We would all like to have a flatter stomach, a six pack or even a four pack on our midsection. Training your abs can be done once per week with more volume or more frequently through the week with less volume. Each way works different for every individual. Never forget the most important factor to getting your abs visible is your diet and your eating habits. If you want true fat loss then training your abs is only the beginning. It starts with your diet and never forget that abs are made in the kitchen!
The first exercise I would like to highlight is the plank. Why are planks so beneficial? These really engage the stabilizers of your core from front to back. If you are doing these correctly then you would have your hips and pelvis in the correct position. Your tailbone should be pointing down towards the floor and you are contracting your glutes. Your lower back should not be arched. If your lower back is arched, then you aren't engaging your abdominals correctly and your hips are in the wrong position and you might start feeling back pain. Keep your abdominals drawn in tightly and keep your butt down. Keep your elbows directly under your shoulders.
Next we will go over the ball crunch. The ball crunch is better than the basic floor crunch. These have more benefits for your abs then being on the flat ground. You are recruitin gmore stabilizers and recruiting more muscle fibers, but sitting on the stability ball or the bosu ball. More unstable environment will get you better stability and a stronger core. these are very effective for the abs. Always exhale as you cantract the abs and inhale on the way down and make sure you go through the full range of motion. Use a slow and controlled movement and avoid using any momentum on these. Go for 3-4 sets of 15-25 reps . These are a killer ab workout.

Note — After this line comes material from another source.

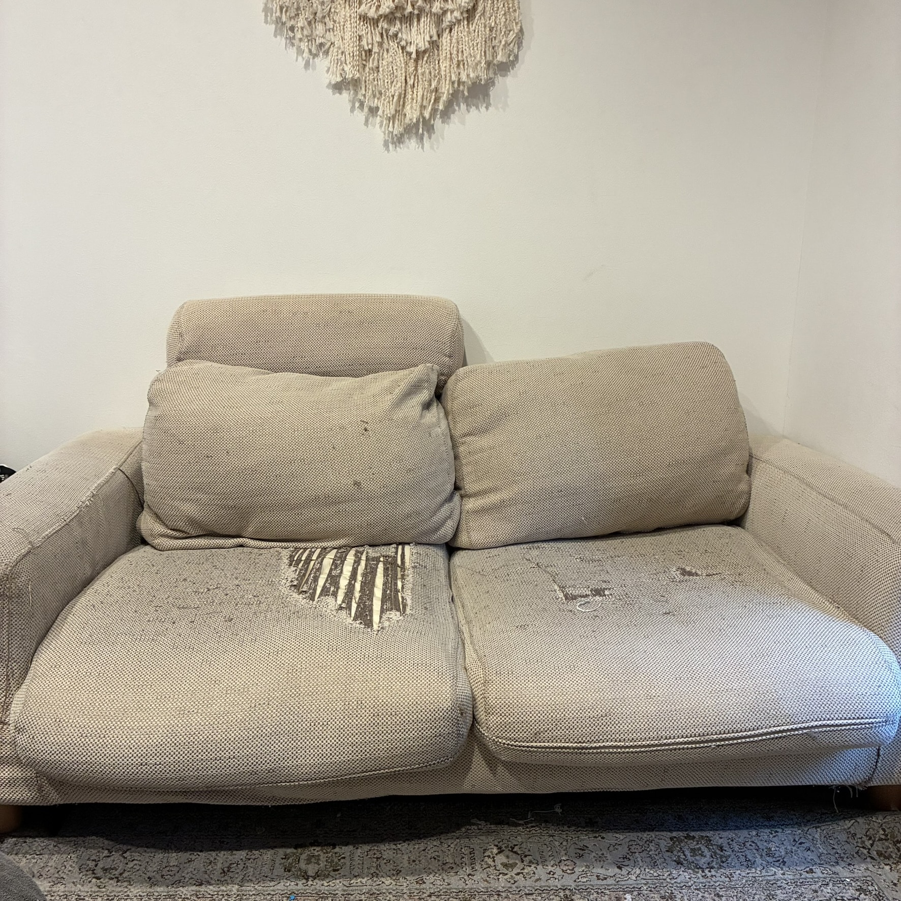 座面がボロボロ&黒ずんでいて痛々しい姿ですが、「今までありがとう!」の意味を込めて?!載せておきます。12年間頑張ってくれたソファは「無印良品」で購入したもの。2人でゆったり座れる2,5シーター。座面が広くて背もたれのクッションを取ると寝られる!という点が気に入って購入。形もベージュの色味も気に入って、過去2回の引っ越しにも同行してもらった思い出の品。去年、座面のシートが本格的にさけはじめ、カバーの買い替えようとしたところ、すでに廃盤(涙)もうソファ自体を新調しどきなのかも知れない。それまでは大きな布を掛けて目隠しをしていました。

Last but not least we will go over leg lifts. Leg lifts are great for the lower abdominals and strengthening the hip flexors. Make sure you stretch your hip flexors frequently. If you have a desk job and you are sitting for a good amount of time, then theres a good chance you have over active hip flexors and this can cause a lot of pain, particularly in the lower back area. The kneeling hip flexor stretch is very effective for this. Hold this stretch for 20-30 seconds on each side. Kneel down on one knee and raise the same arm of the knee that is on the ground in the air. When you are doing leg lifts for your abs you can lie down on you rback and place your hands wiht your palms facing the ground for stability. Lift the legs up into the air while you exhale and then slowly lower your legs back to the ground while you inhale. Aim for 3-4 sets of 12-15 reps. When you are finished you can go into the cobra stretch and hold for 30 to 60 seconds.
Try incorporating these movements into you ab workouts and you are really going to get a lot out of these. These are three of my favorite ab exercises that I add into my workout routine every week.